Plan of experiments was defined by the Box–Behnken design (

Table 2. Experiment plan and experimentally obtained response values.

№	x1	x2	x3	te_imp. x	tb_imp. III	t_imp. V	<WUSP>	t_imp. V − t_imp. I
1	35	75	17.5	15.00	15.03	17.21	0.24	12.405
2	40	75	17.5	13.66	13.73	16.14	0.25	12.302
3	35	85	17.5	13.11	13.11	15.00	0.21	10.248
4	40	85	17.5	12.04	12.04	14.04	0.22	10.192
5	35	80	15.0	12.81	12.81	14.62	0.21	9.860
6	40	80	15.0	11.84	11.84	13.77	0.22	9.915
7	35	80	20.0	15.24	15.24	17.43	0.24	12.589
8	40	80	20.0	13.84	13.84	16.23	0.25	12.358
9	37.5	75	15.0	13.24	13.24	15.31	0.23	11.012
10	37.5	85	15.0	11.63	11.63	13.35	0.20	9.063
11	37.5	75	20.0	15.62	15.63	18.14	0.26	13.832
12	37.5	85	20.0	13.72	13.73	15.82	0.23	11.515
13	37.5	80	17.5	13.38	13.42	15.53	0.23	11.257
14	37.5	80	17.5	13.39	13.40	15.52	0.23	11.242
15	37.5	80	17.5	13.50	13.51	15.59	0.23	11.298
16	37.5	80	17.5	13.50	13.50	15.58	0.23	11.289

x₁—initial content of methanol in the mobile phase (%, v/v); x₂—the final content of methanol in the mobile phase (%, v/v); x₃—the duration of the gradient (min); t_{e_imp. x}—the retention time of the end of the unknown impurity peak (min); t_{b_imp.
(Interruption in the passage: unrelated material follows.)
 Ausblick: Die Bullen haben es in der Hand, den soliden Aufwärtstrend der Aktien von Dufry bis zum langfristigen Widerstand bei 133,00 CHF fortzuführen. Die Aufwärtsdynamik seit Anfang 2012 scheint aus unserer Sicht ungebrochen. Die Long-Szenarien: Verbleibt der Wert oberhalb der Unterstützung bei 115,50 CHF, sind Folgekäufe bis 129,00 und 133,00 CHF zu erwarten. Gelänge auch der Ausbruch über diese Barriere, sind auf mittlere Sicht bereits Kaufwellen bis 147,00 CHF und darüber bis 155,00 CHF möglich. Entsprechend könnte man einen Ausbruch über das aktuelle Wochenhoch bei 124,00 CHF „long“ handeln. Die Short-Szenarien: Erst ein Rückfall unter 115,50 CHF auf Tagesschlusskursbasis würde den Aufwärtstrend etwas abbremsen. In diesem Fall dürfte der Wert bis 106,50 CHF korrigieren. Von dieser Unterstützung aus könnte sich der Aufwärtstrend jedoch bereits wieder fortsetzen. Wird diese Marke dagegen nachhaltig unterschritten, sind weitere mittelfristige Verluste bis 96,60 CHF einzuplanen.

III}—the retention time of the beginning of the impurity III peak (min); t_{_imp. V}—the retention time of the impurity V peak (min); <W_USP>—mean value of peak widths according to the USP; t_{_imp. V} − t_{_imp. I}—the time elapsed from the elution of the first to the elution of the last peak (min).

). A total of 16 experiments were performed, of which 4 experiments were performed at the central point to estimate the experimental error. The experiments were performed randomly to reduce the influence of external factors. The obtained response values are shown in Table 2.
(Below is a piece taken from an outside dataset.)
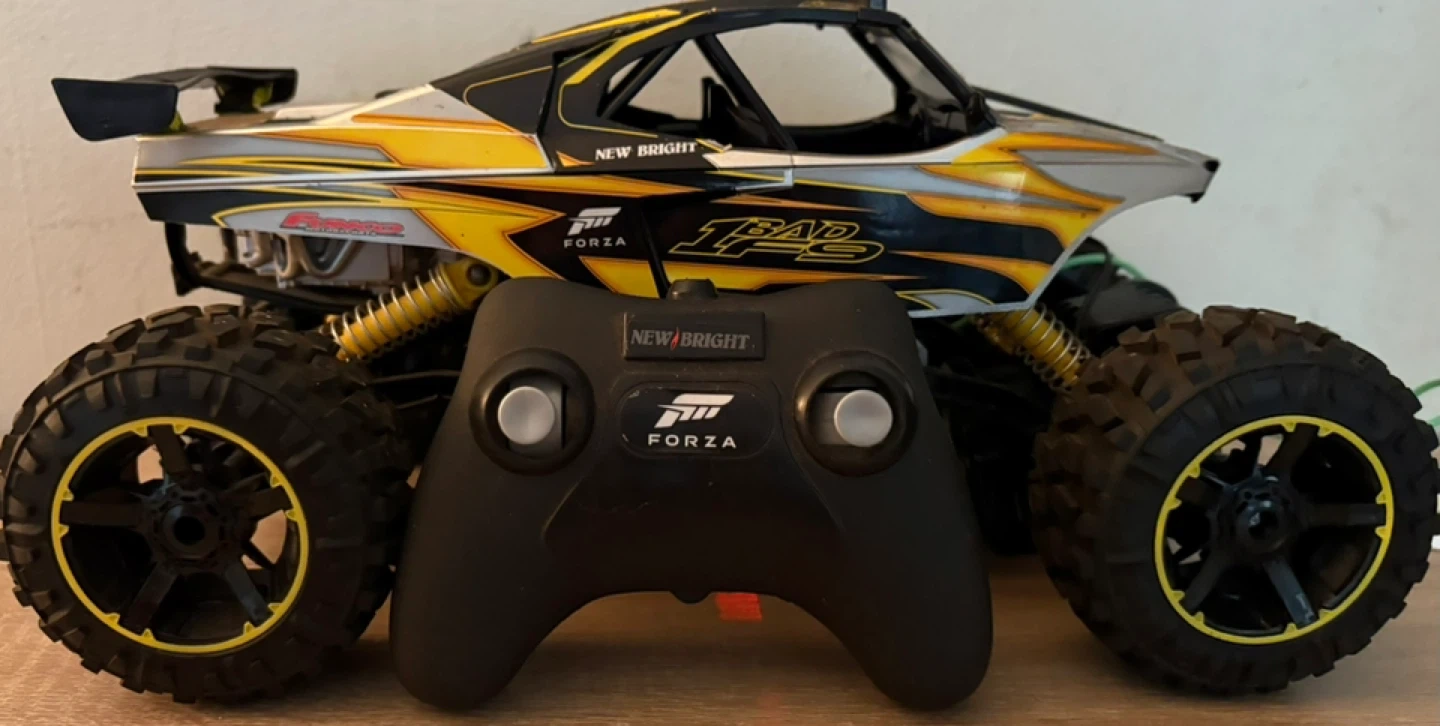 This is a New Bright Forza 4x4 Forza Buggy with a remote control. It's a cool toy for off-road fun. The truck features a yellow, black, and silver design with large, rugged tires just seeing if there any interest in it doesn’t get used around here anymore

Based on the experimental results, mathematical models describing the dependence of the critical responses of the system on the studied factors were created. The dependence of t_{_imp. V}, t_{_imp. V} − t_{_imp. I}, t_{e_imp. x} and t_{b_imp. III} on the investigated factors are described by quadratic mathematical models, while, for <W_USP>, a linear mathematical model was created. The adequacy of the formed mathematical models was confirmed using the analysis of variances (ANOVA) test. High values of determination coefficients (R², adjusted R², and predicted R²) and a statistically insignificant lack of fit value were obtained (

Table 3. Model coefficients calculated for coded factor values and statistically significant parameters obtained by ANOVA.

	t_imp. V	te_imp x	tb_imp III	<WUSP>	t_imp V − t_imp I
b0	15.554 *	13.443 *	13.458 *	0.2289 *	11.272 *
b1	−0.511 *	−0.598 *	−0.593 *	0.0041 *	−0.042 *
b2	−1.076 *	−0.878 *	−0.890 *	−0.0132 *	−1.067 *
b3	1.321 *	1.113 *	1.115 *	0.0152 *	1.306 *
b12	0.029	0.068	0.057 *	/	0.012
b13	−0.087 *	−0.108 *	−0.108 *	/	−0.072 *
b23	−0.090 *	−0.073 *	−0.073 *	/	−0.092 *
B11	−0.050 *	−0.055	−0.053 *	/	−0.080 *
b22	0.094 *	0.065 *	0.072 *	/	0.095 *
b33	0.006	0.045	0.028	/	−0.011
R2	0.9998	0.9993	0.9994	0.9838	0.9999
adj. R2	0.9996	0.9982	0.9986	0.9797	0.9996
pred. R2	0.9995	0.9984	0.9977	0.9711	0.9989

b₀—constant; b₁, b₂, b₃—coefficients of main factors; b₁₁, b₂₂, b₃₃—quadratic coefficients; b₁₂, b₁₃, b₂₃—interaction coefficients; R²—coefficient of determination; adj. R²—adjusted coefficient of determination; pred. R²—prediction coefficient of determination; t_{e_imp. x}—the retention time of the end of the unknown impurity peak; t_{b_imp. III}—the retention time of the beginning of the impurity III peak; t_{_imp. V}—the retention time of the impurity V peak; <W_USP>—mean value of peak widths according to the USP; t_{_imp. V} − t_{_imp. I}—the time elapsed from the elution of the first to the elution of the last peak. * statistically significant values of coefficients whose p < 0.05.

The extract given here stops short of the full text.